Here’s a passage from one company’s 1997 letter to shareholders:

We established long-term relationships with many important strategic partners, including America Online, Yahoo!, Excite, Netscape, GeoCities, AltaVista, @Home, and Prodigy.

How many of these “important strategic partners” still exist in a meaningful way today (leaving aside the question of whether they’re important or strategic)?  The answer is zero (unless you believe Yahoo! satisfies the criteria, in which case the answer is one).  The source of the citation is Amazon’s 1997 annual report, and the bottom line is that the future is unpredictable, and nothing and no company is immune to glitches.

It’s a long memo with many other interesting points. Worth reading in full (plus the archives if you haven’t come across them).

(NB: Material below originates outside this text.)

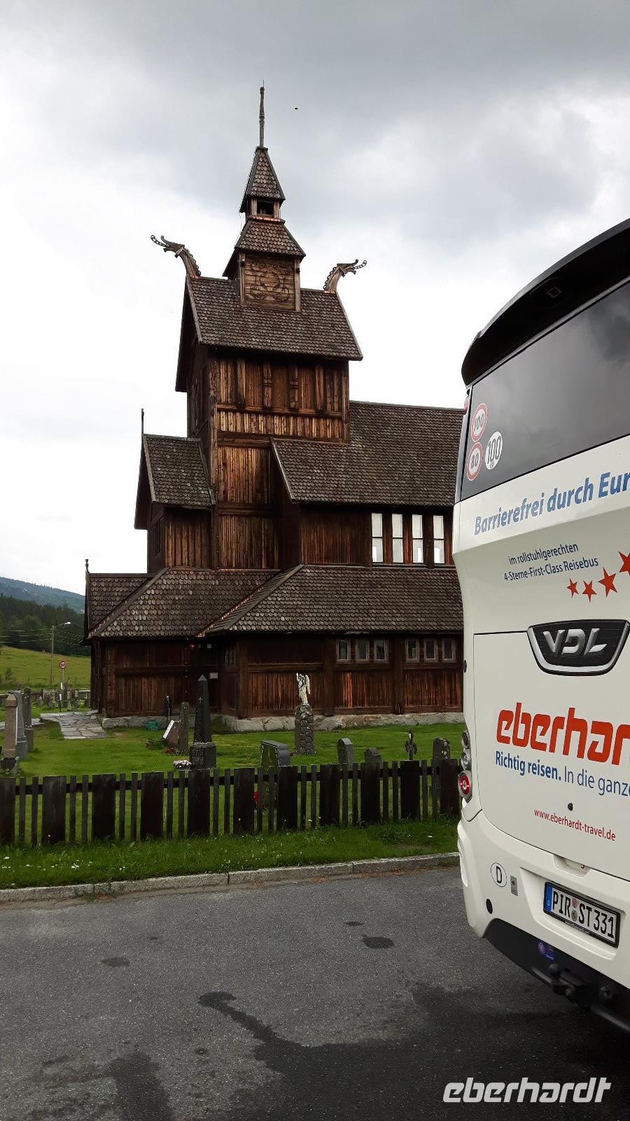 Heute verlassen wir Eidfjord und fahren über die Hardangervidda vorbei an Geilo und durch das Hallingdal nach Oslo. An der alten Stabkirche von Torpo legen wir eine Pause ein.

This cautionary memo joins the chimes of Ray Dalio (post here), John Hussman (post here) along with Albert Edwards (currently at SocGen (with Andrew Lapthorne, his recent chart here), and to some extent James Montier (who also worked alongside Albert at DK previously, but has a behavioural economist streak to his work; now at GMO) and Jeremy Grantham (at GMO) have tended to put quite some weight on these type of metrics and valuation discipline, at least for long cycle returns (around 7 years). It's interesting that most of this group are chiming quite loudly, with the possible exception of Grantham who is ringing in a slightly different key (suggesting much slower reversions to the mean than before).

The world of macro has so many cross currents (I shall try and put forward the optimists view in later posts). One reason I prefer micro - bottom up company fundamentals (as does Marks).

There is another interesting chime with Nassim Taleb's thinking from his pop risk books. This idea that we do not handle "fat tails" or "Black Swan" events very well.  That models do not account for these events well (real world is not "normal" or "gaussian").  This dovetails well with Hyman Minsky's observation/theory on why we have and will always have boom/bust cycles.